I thought of that, too. One option is to parameterize Foo with its 
subtype's name:

interface Foo(X)
{
     extern void bar(int, X, double);
}

Then you'd require C : Foo!C and so on. I'm not sure how important this 
detail is, but it is worth thinking of.

Another issue is that constructors in a struct are one thing, whereas in 
a class they are quite a different thing (references of a class can be 
copied!)


Andrei

Kagamin <spam here.lot> writes:

Andrei Alexandrescu Wrote:

 I grant that it would be quicker and clearer to write:
 interface Foo
 {
    static void stuff();
    this (int);
 }
 template Template(Arg : Foo) {}
 
 than to write:
 template Template(Arg) if (is (typeof (new Arg(0)) && 
 isStaticFunction!(Arg, "stuff")) {}

 
 Yah. Let me add that after the OOP meteoric rise in the past years, many 
 of us can instantly figure how the former works, whereas the latter is 
 thoroughly obscure.

1. If template constraints suck, why not fixing *them*?
2. If implementation not complaining to interface constrains is prohibited, why
you would want template constraints at all? Just use features you want and
compiler will give errors if they are not provided.
3. If you use templates, why you would need interfaces at all?

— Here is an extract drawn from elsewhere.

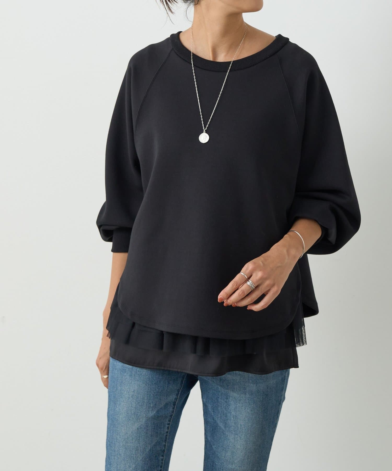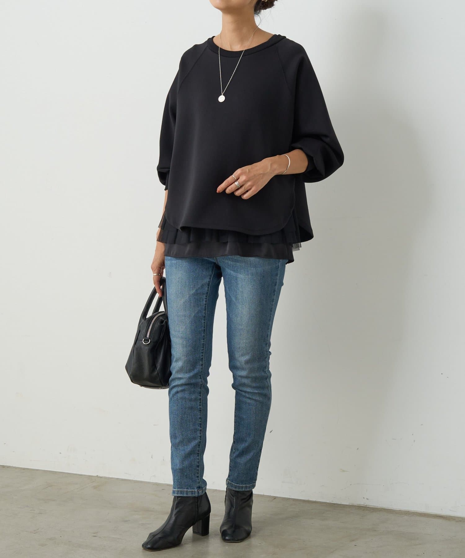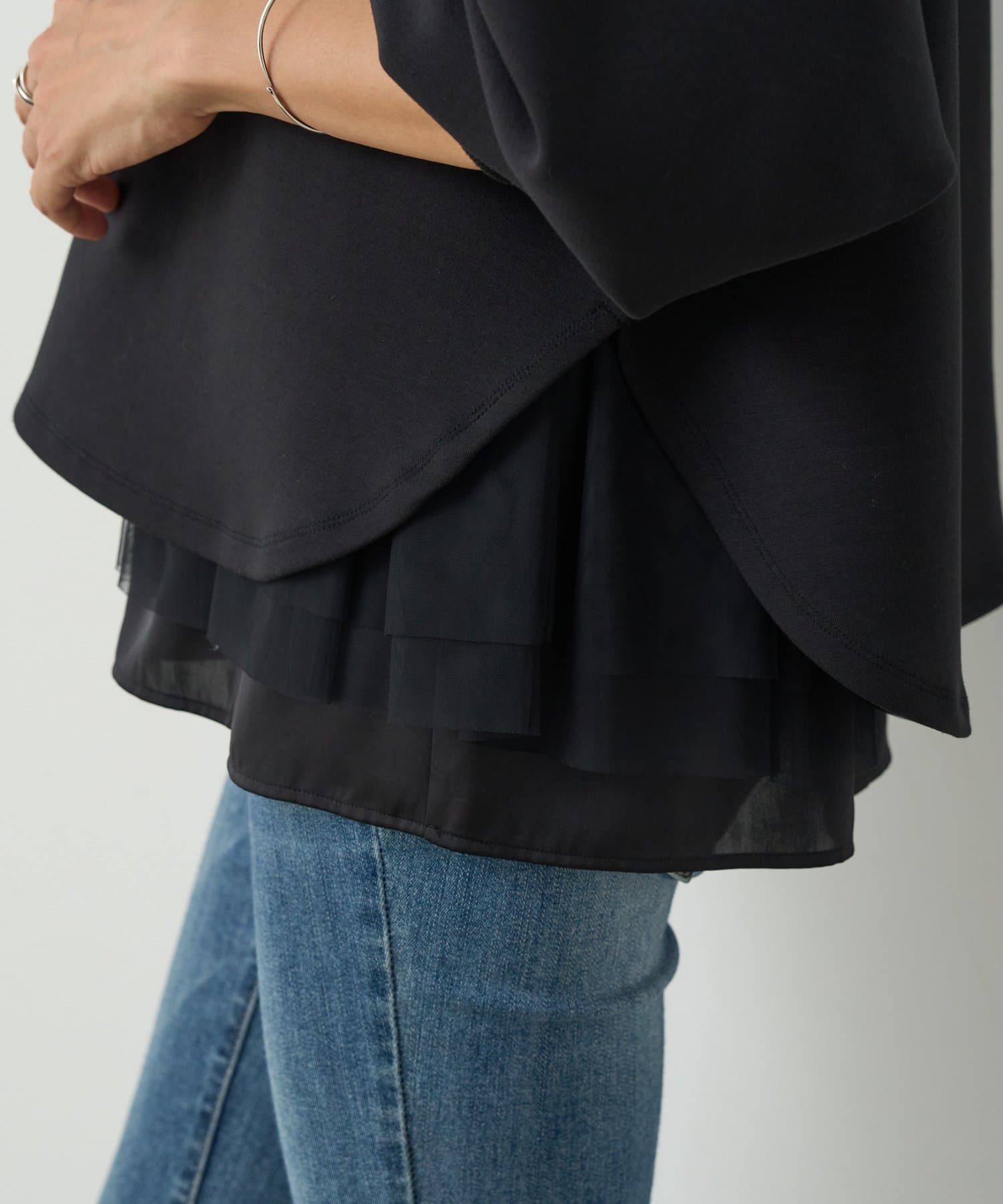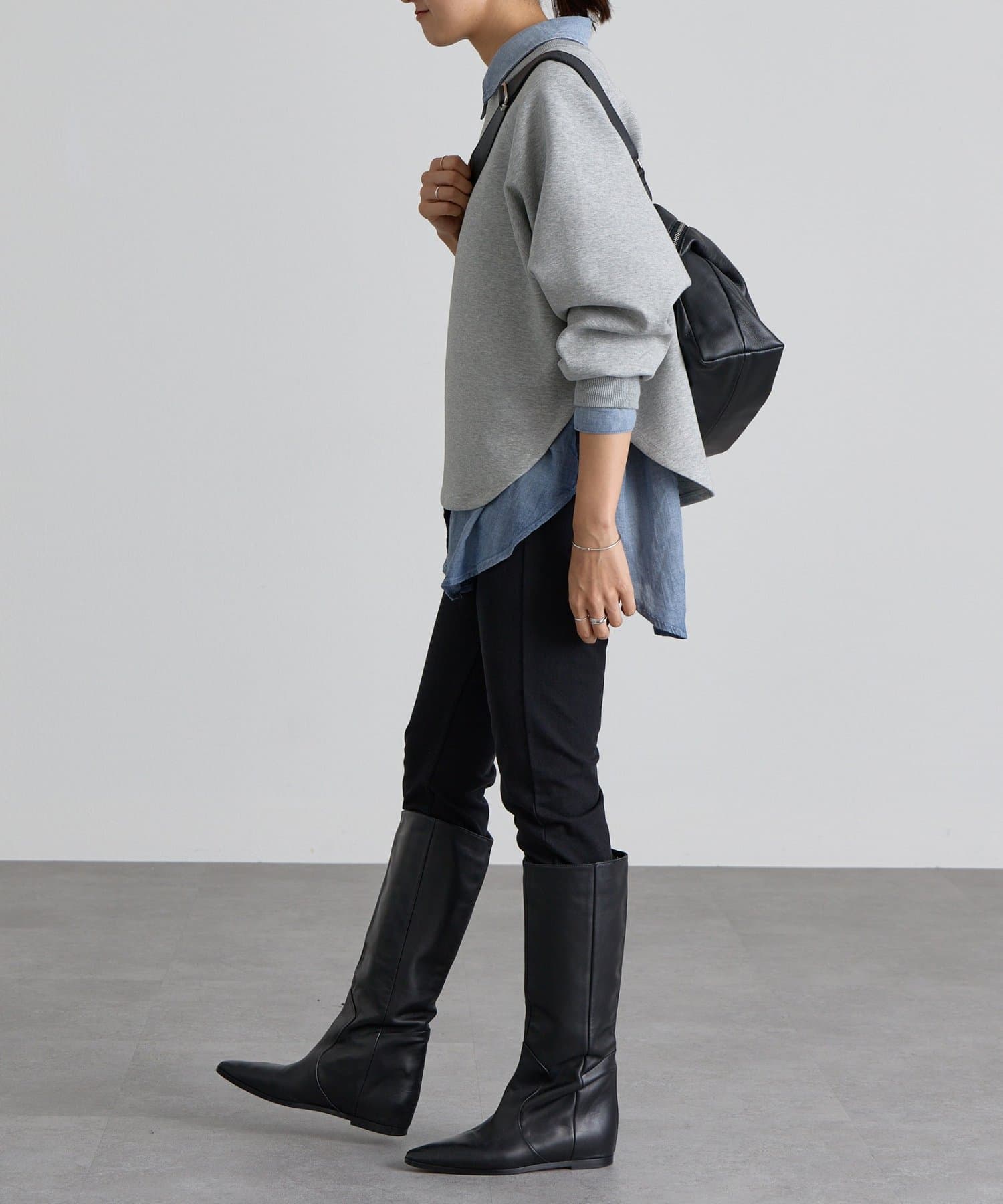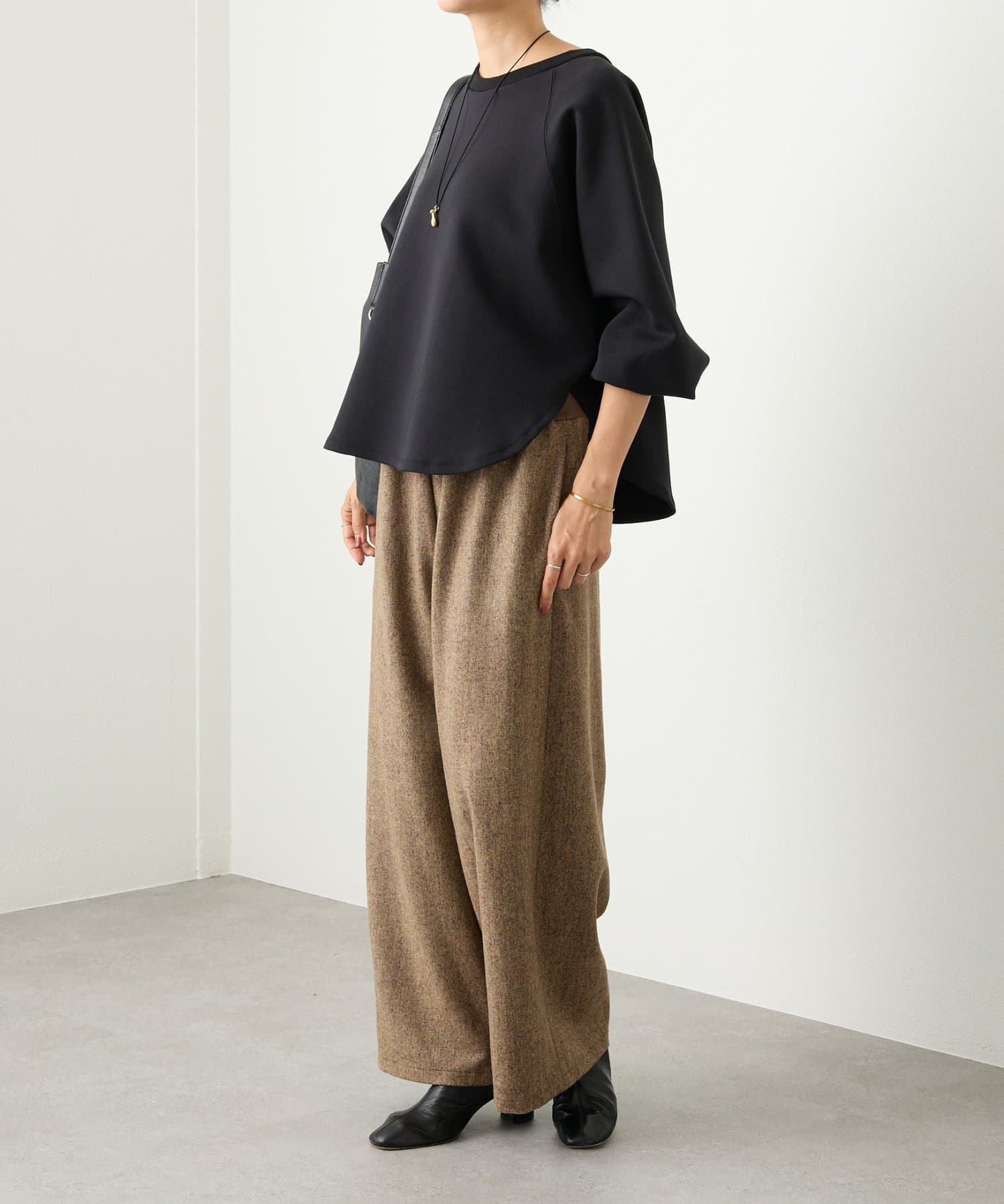 やや短丈ですが裾がラウンドカットになっており、レイヤードがしやすいデザインです。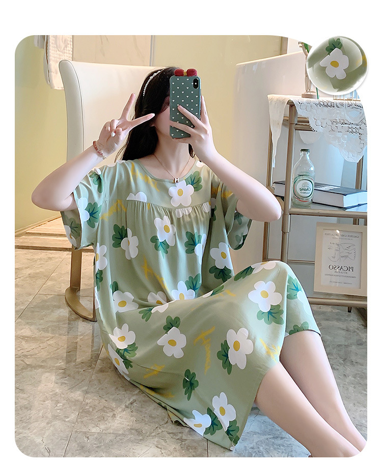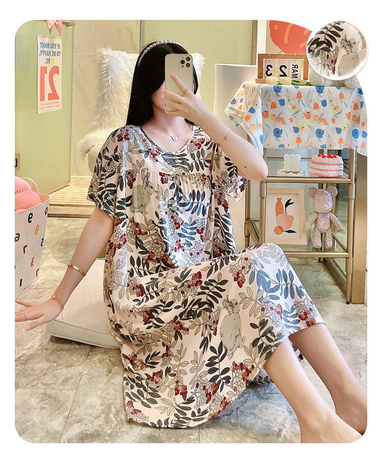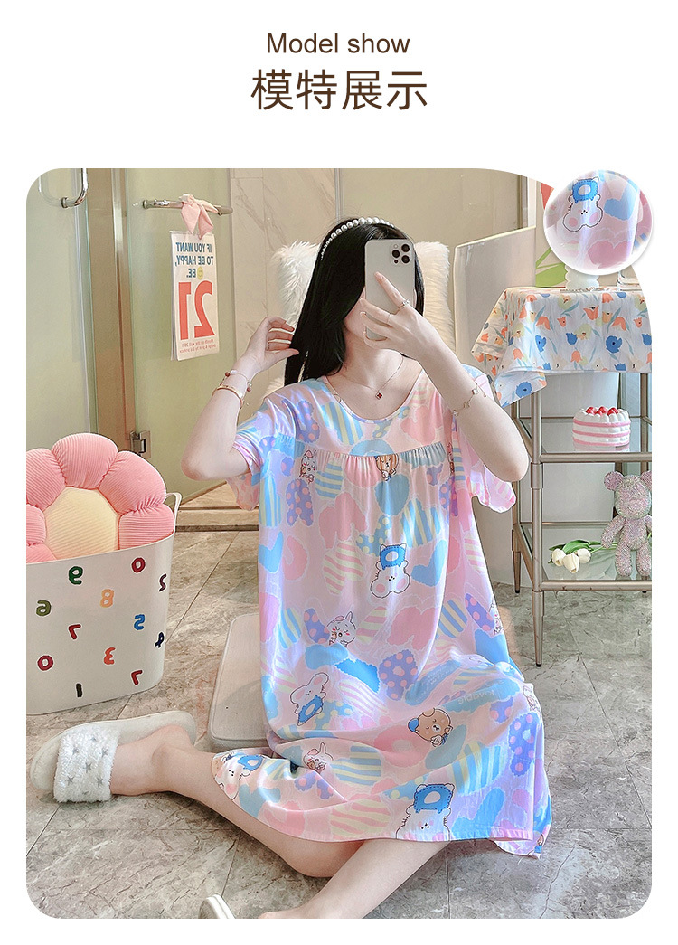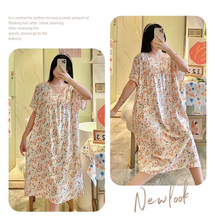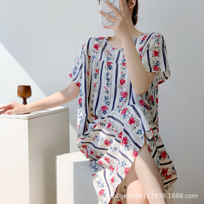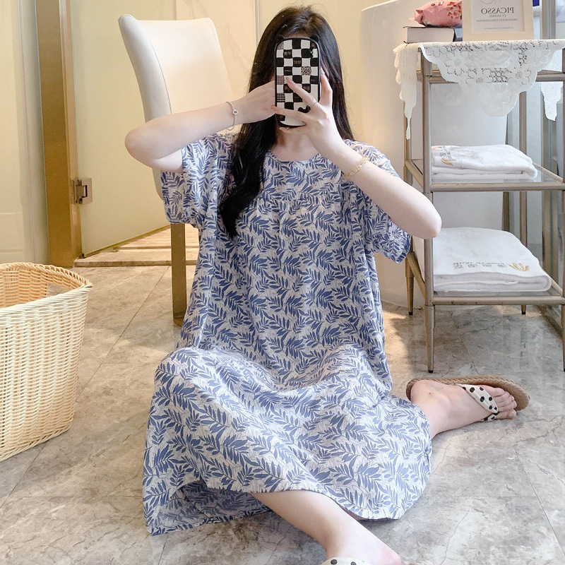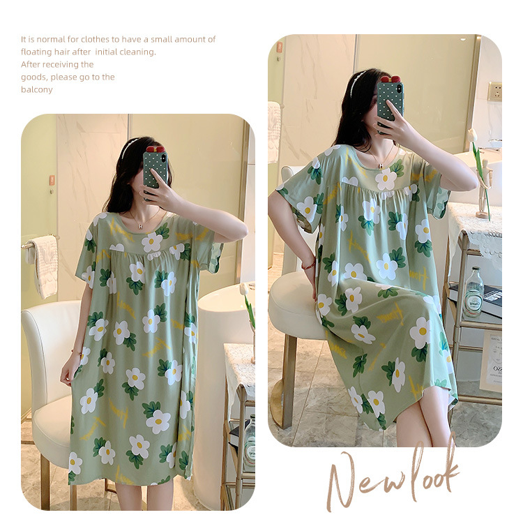 면 실크 나이트 드레스 여성의 여름 얇은 잠옷 홈 하이 엔드 센스 인쇄 인공 면 반소매 면 실크 원피스 플러스 사이즈스토어 가기

Interfaces parameterised with their implementations!

Kagamin <spam here.lot> writes:

Kagamin Wrote:

 1. If template constraints suck, why not fixing *them*?

There were so many proposals...
For example my :) compile time reflection api will be much more flexible and
readable than any declarational syntax and with it you can throw away that
declarational burden from parser.

"Denis Koroskin" <2korden gmail.com> writes:

On Sat, 04 Apr 2009 16:49:23 +0400, Kagamin <spam here.lot> wrote:

 Andrei Alexandrescu Wrote:

 I grant that it would be quicker and clearer to write:
 interface Foo
 {
    static void stuff();
    this (int);
 }
 template Template(Arg : Foo) {}

 than to write:
 template Template(Arg) if (is (typeof (new Arg(0)) &&
 isStaticFunction!(Arg, "stuff")) {}

 Yah. Let me add that after the OOP meteoric rise in the past years, many
 of us can instantly figure how the former works, whereas the latter is
 thoroughly obscure.

 1. If template constraints suck, why not fixing *them*?

I believe his proposal exactly intends to fix them.

 2. If implementation not complaining to interface constrains is  
 prohibited, why you would want template constraints at all? Just use  
 features you want and compiler will give errors if they are not provided.
 3. If you use templates, why you would need interfaces at all?

 Interfaces parameterised with their implementations!

Andrei Alexandrescu <SeeWebsiteForEmail erdani.org> writes:

Kagamin wrote:
 Andrei Alexandrescu Wrote:
 
 I grant that it would be quicker and clearer to write:
 interface Foo
 {
    static void stuff();
    this (int);
 }
 template Template(Arg : Foo) {}

 than to write:
 template Template(Arg) if (is (typeof (new Arg(0)) && 
 isStaticFunction!(Arg, "stuff")) {}

 Yah. Let me add that after the OOP meteoric rise in the past years, many 
 of us can instantly figure how the former works, whereas the latter is 
 thoroughly obscure.

 
 1. If template constraints suck, why not fixing *them*?

That's a fix.

 2. If implementation not complaining to interface constrains is prohibited,
why you would want template constraints at all? Just use features you want and
compiler will give errors if they are not provided.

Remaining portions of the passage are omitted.